§ **Exercise directions**
Restate word for word the lines of the listing below, from its first line through the line with "I worked on", without the pictures.

§ **Data to examine**

----

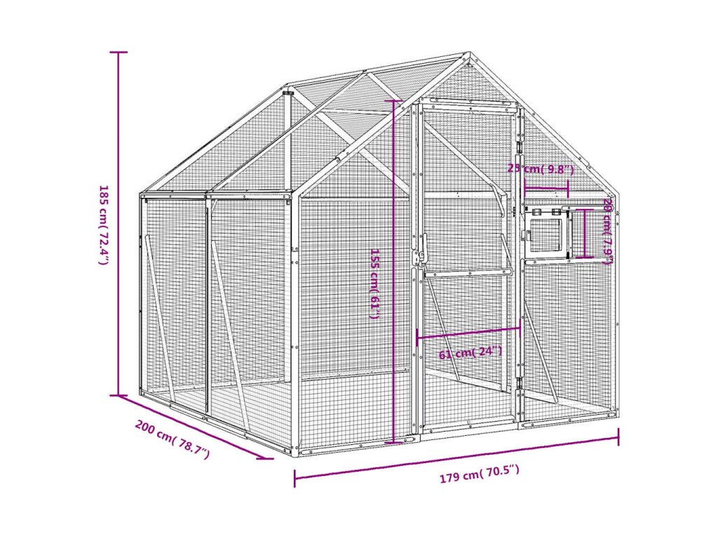 - Odolný materiál: Hliníkový kov je lehký a pevný. Je odolný proti korozi díky samoochranné oxidové vrstvě. Tato ptačí voliéra má robustní hliníkovou konstrukci a je vyrobena tak, aby velmi dlouho vydržela.
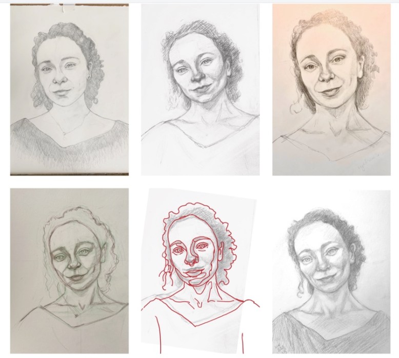 I worked on making a portrait of Aleksandra over and over for a couple of months (see the terrible work below). I finally surrendered and chose a different photo of her. The drawing above went smoothly and I did it in one afternoon. (Sktchy photo reference for above sketch.)
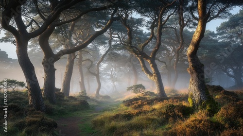 A foggy woodland in early morning, with mist drifting through the trees and soft light illuminating the foliage.
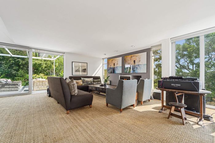 Architectural home with 360-degree views, open-plan living, three en-suite bedrooms, study, pool, and double garage.
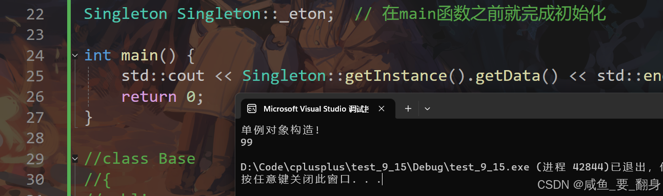 Singleton Singleton::_eton; // 在main函数之前就完成初始化
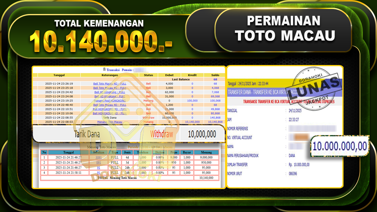 Bukti JP TOGEL TOTO MACAU 4D – ucapkan selamat kepada user id misxxx atas kemenangan di TOGEL TOTO MACAU 4D dengan total kemenangan Rp.10,140,000,- Yang pasti nya langsung LUNAS sesuai bukti ya bosku. Dorahoki nih bosku berapapun akan tetap kami bayar lunas ya bosku
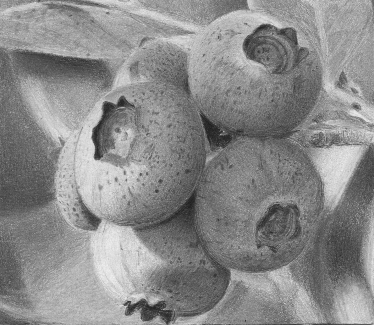 Also, start with simpler photos then more complex ones. Copying one apple would be a bit easier than multiple blueberries for example. Draw smaller so you can finish it faster. Copy grayscale photos too, for the same reason. You'll make proportional mistakes earlier on in the drawing stage. Often you won't notice until later on, so it's better if you finish many smaller drawings to get more practice in the beginning stages of the process.
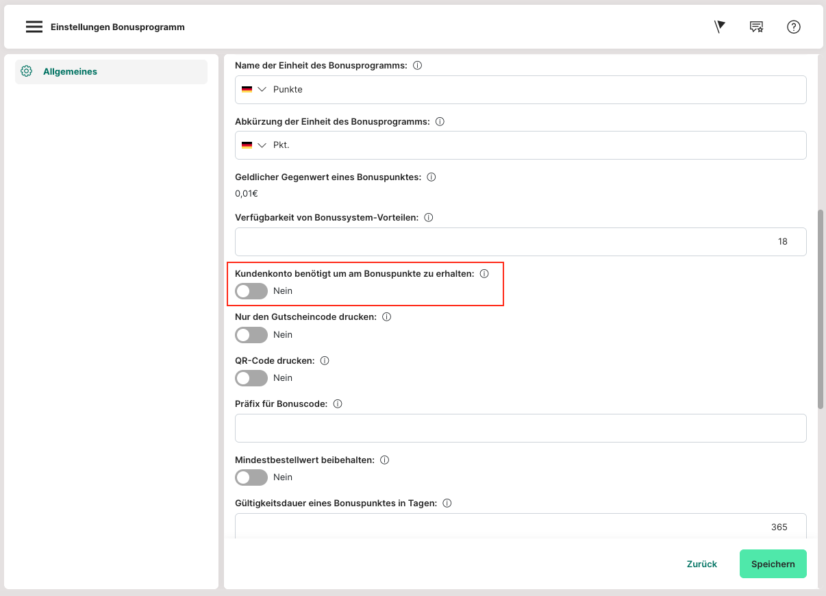 - Deaktiviere die Einstellung "Kundenkonto benötigt, um Bonuspunkte zu erhalten".
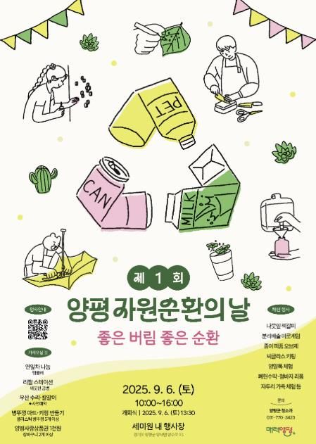 한편, 양평군은 이번 행사를 계기로 매년 9월 첫째 주를 ‘자원순환 주간’으로 지정하고, 지속적인 교육과 캠페인을 통해 군민과 함께하는 친환경 실천 문화를 확대해 나갈 계획이다.
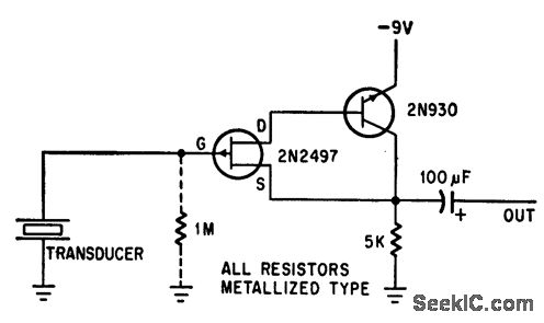 Fet eliminates unwanted noise and added capacitance caused by long cobias connecting hydrophone to shore station, Voltage gain is unity. Can be used with cables UP to 3.000 feel long. if hydrophone moves in water, use 1-meg resistor between gate and ground to suppress low-frequency excursions of signal,-F. Watlington, Hydrophone Preamplifier Cuts Cable Noise, Electronics, 39:16, p 120.
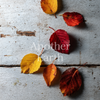 白い木目の床の上に、赤や黄色に色づいた紅葉の葉が美しく配置された画像です。秋の訪れや季節の移り変わりを感じさせる、シンプルながらも風情のある一枚。和のテイストや落ち着いた雰囲気を演出したい時に最適です。
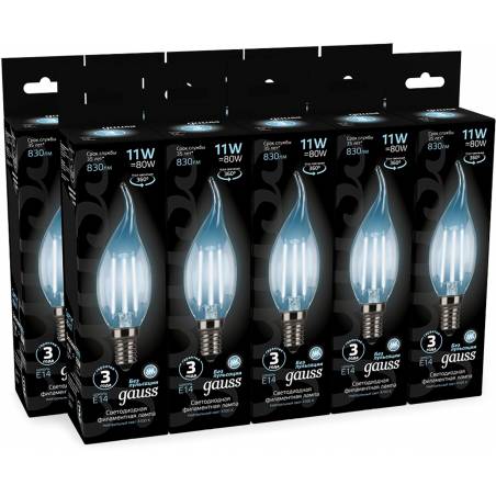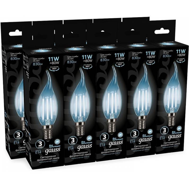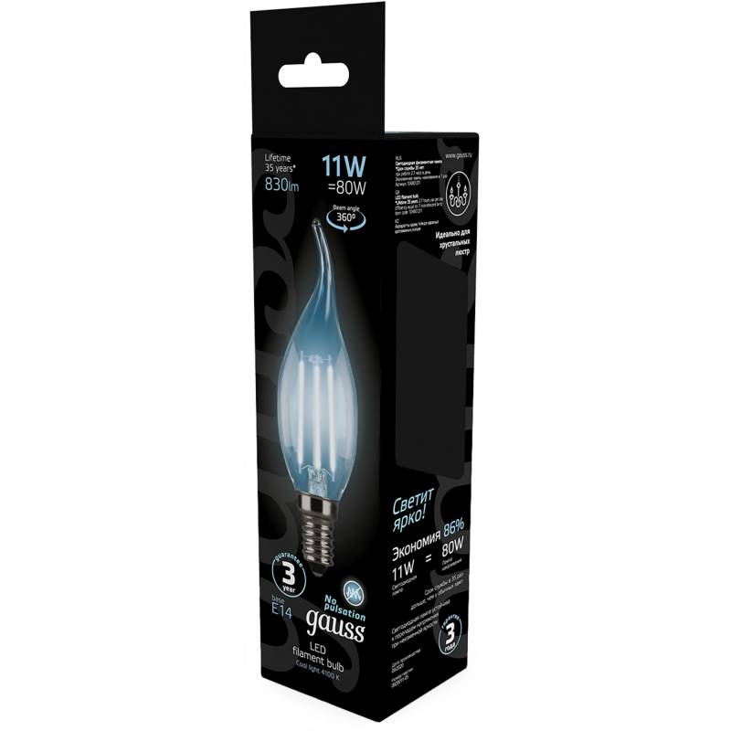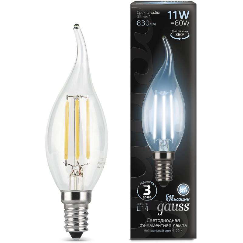 Лампа филам. Gauss Filament 11Вт цок.:E14 свеча 220B св.свеч.бел.нейт. CF35 (упак.:10шт) (104801211)
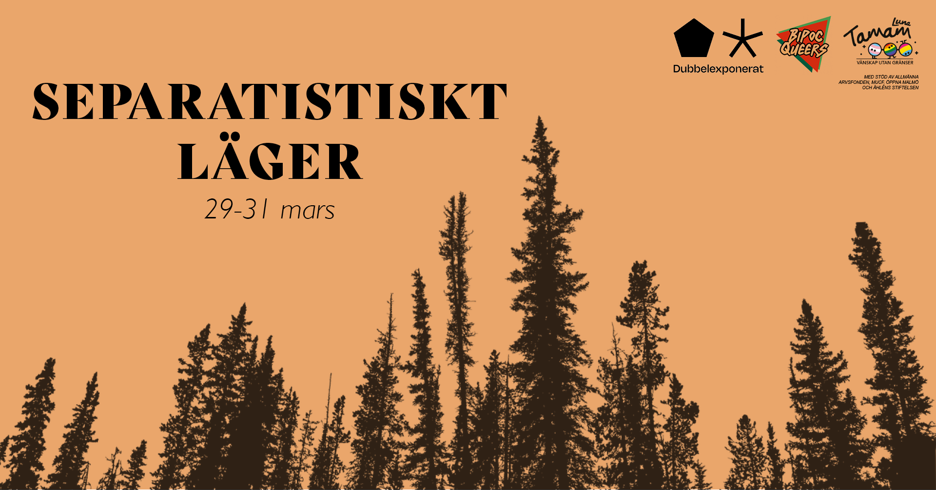 Lesbisk makt, Dubbelexponerat och Tamam Luna bjuder in er till ett separatistiskt läger för rasifierade* queers i slutet av mars! En retreat helg fylld av community, workshops och aktiviteter. Vi står för alla kostnader, resa, mat och material. Under lägret bjuds det på vegetarisk mat och fika. Vi kommer också att ha olika aktiviteter och workshops.
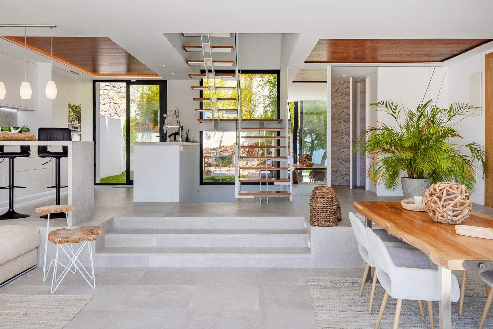 Dankzij de bevoorrechte, verhoogde ligging op de heuvel geniet het huis van betoverend uitzicht op zee en ongeëvenaarde privacy. Op de hoofdverdieping leidt een elegante ontvangstruimte met ingebouwde garderobe en gastentoilet naar een volledig ingerichte designkeuken met hoogwaardige apparatuur. Een eigentijdse open haard fungeert als scheiding tussen de keuken en de iets verhoogde, ruime woon-eetkamer en creëert een gezellige en verfijnde sfeer.
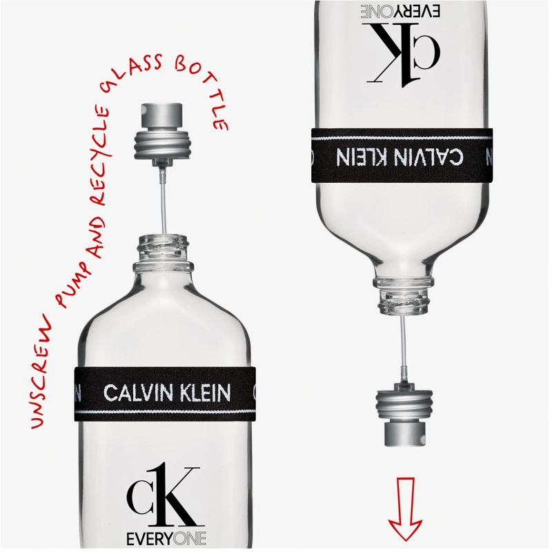 Flakonen er transparent, så du hele tiden kan se hvor meget der er tilbage, og rundt om den sidder et calvin Klein elastik bånd, der kan bruges som armbånd eller hvad du ellers har lyst til. Sidst men ikke mindst er der et låg på selve flakonen, og en medfølgende pumpe, så du også kan have den med dig over alt, uden at du har parfume på alle dine andre ting.
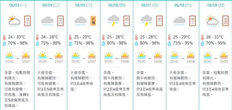 下周一端午節或短暫有陽光
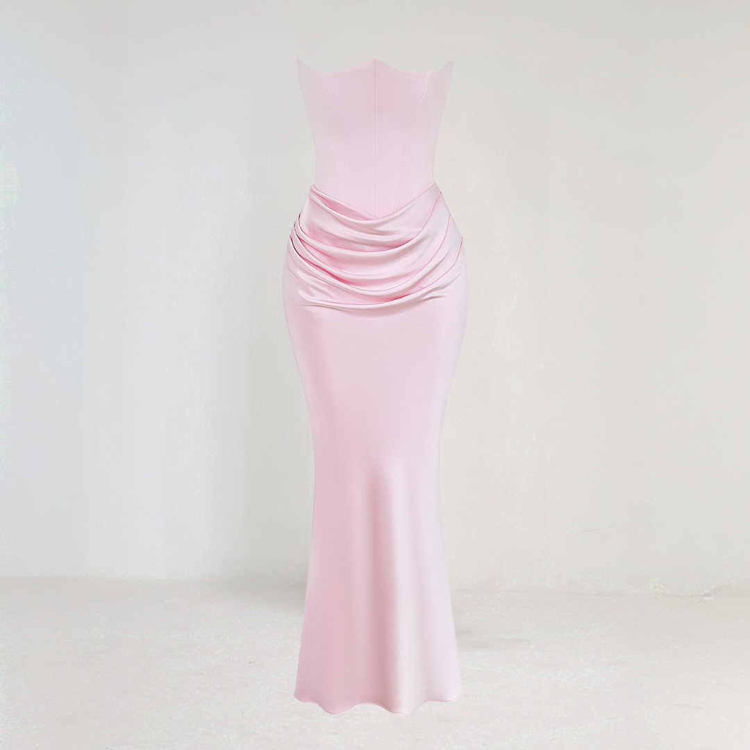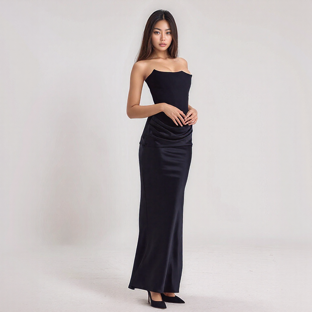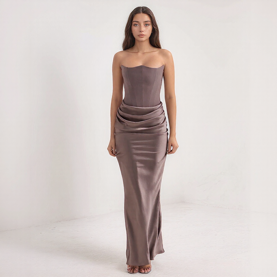 このエレガントなコルセットドレスは、その構造的なトップによってシルエットを引き立てます。ストラップなしのデザインと流れるようなカットが、自然な洗練をもたらします。フォーマルなイベントや特別な occasion に最適です。
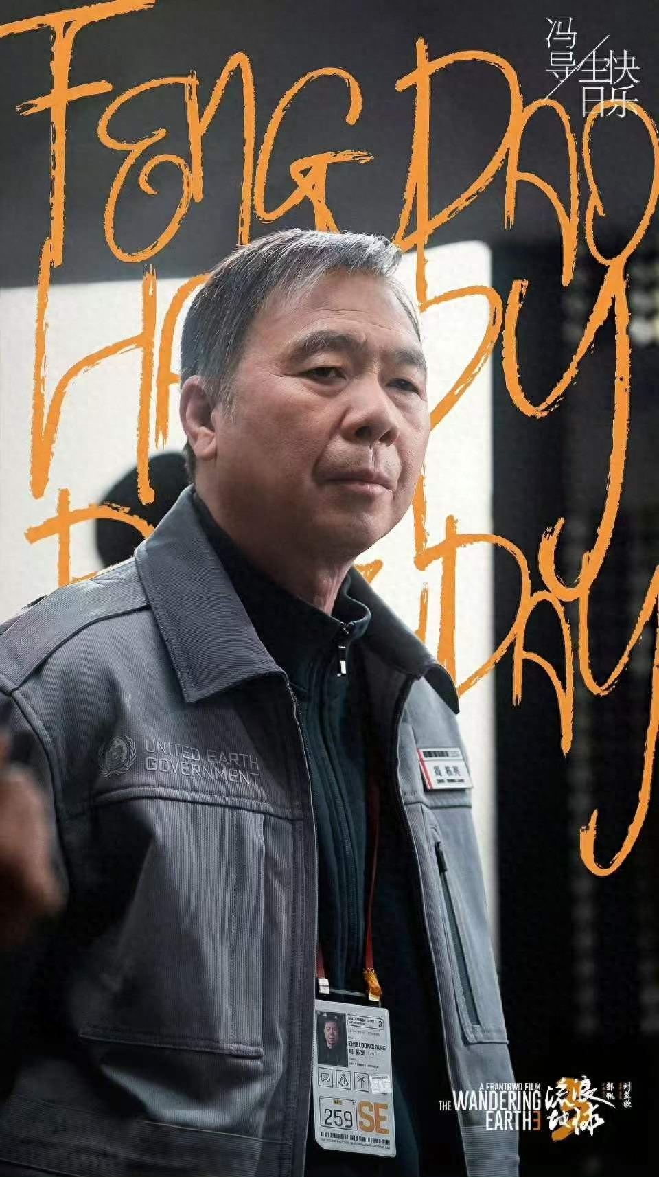 定妆照也一起放出来了。照片里冯小刚穿着地球联合政府那身深色制服,胸前工牌清清楚楚写着“周栋亮”,身份就是UEG的工作人员。头发灰白,眼神挺深沉,跟以前他当导演或者演胡同老炮儿的样子完全不一样,看着特别严肃。
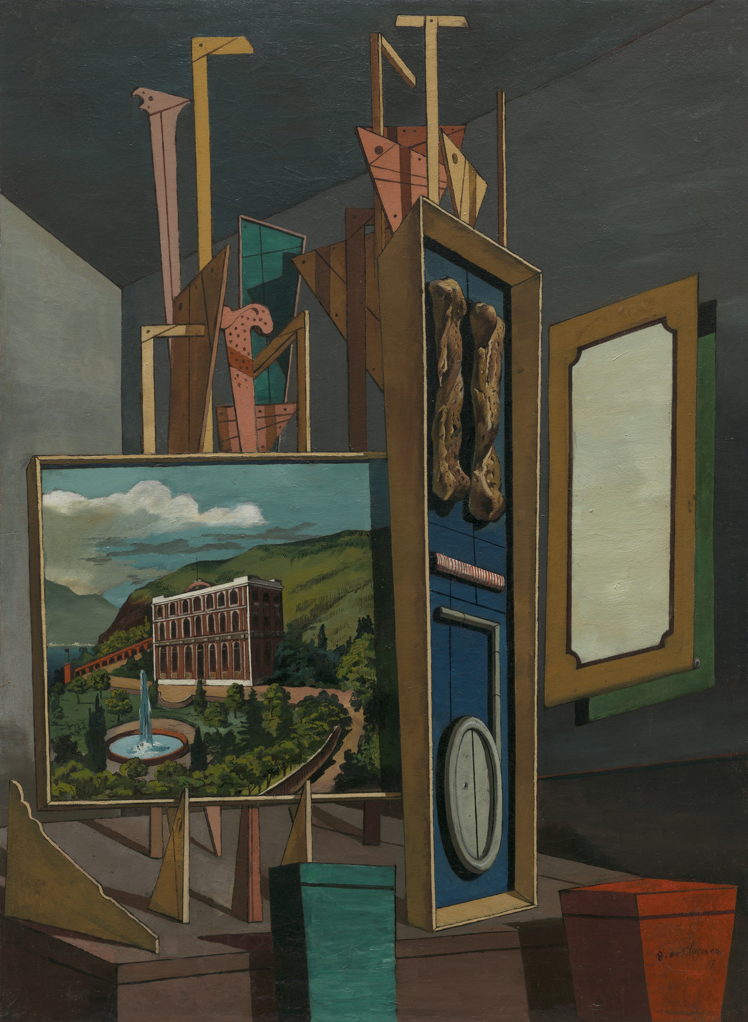 Джорджо де Кирико. Меланхолия отъезда. 1916 // Джорждо де Кирико. Большой метафизический интерьер. 1917
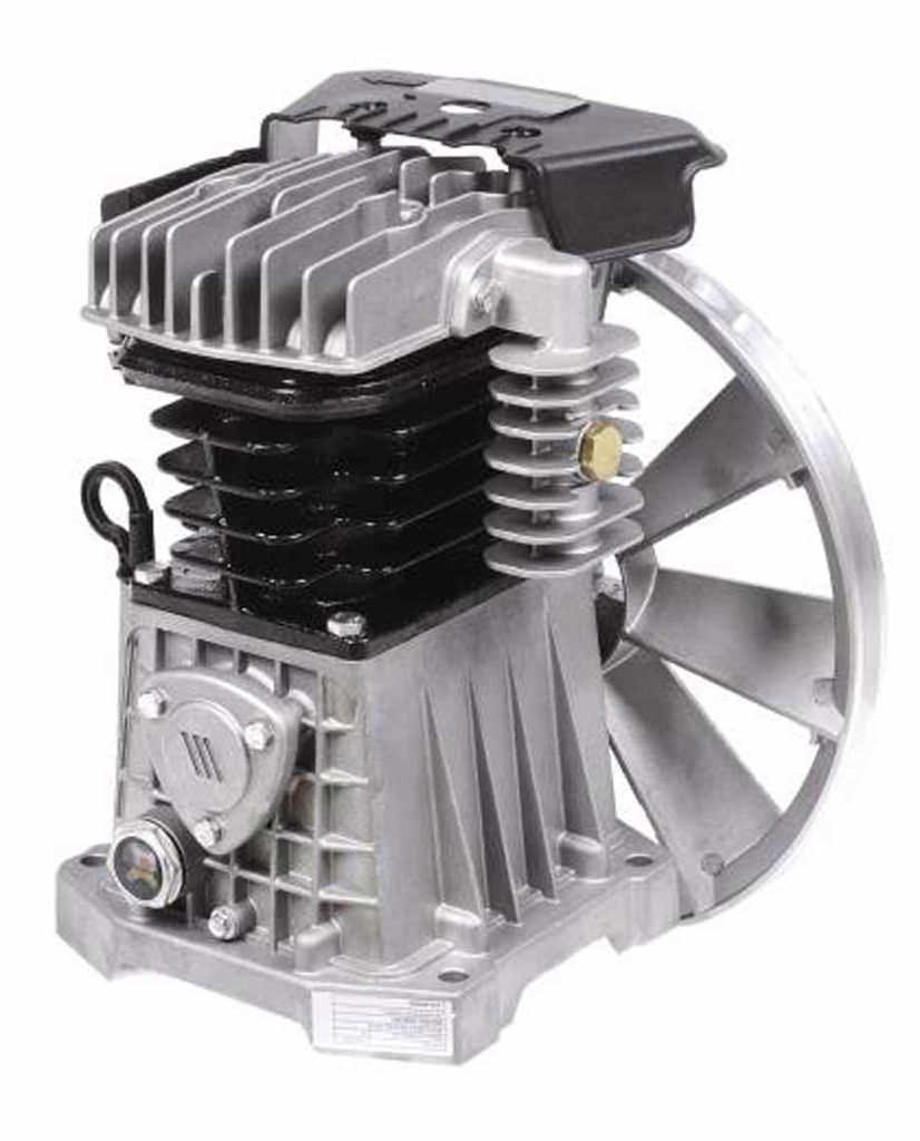 Este modelo cuenta con un sistema de doble pistn que aumenta la capacidad de compresin y eficiencia, fabricado con un bloque de cilindros en hierro fundido que garantiza una larga vida til gracias a su resistencia a la corrosin y al desgaste.

----

§ **Exercise response**
 - Odolný materiál: Hliníkový kov je lehký a pevný. Je odolný proti korozi díky samoochranné oxidové vrstvě. Tato ptačí voliéra má robustní hliníkovou konstrukci a je vyrobena tak, aby velmi dlouho vydržela.
 I worked on making a portrait of Aleksandra over and over for a couple of months (see the terrible work below). I finally surrendered and chose a different photo of her. The drawing above went smoothly and I did it in one afternoon. (Sktchy photo reference for above sketch.)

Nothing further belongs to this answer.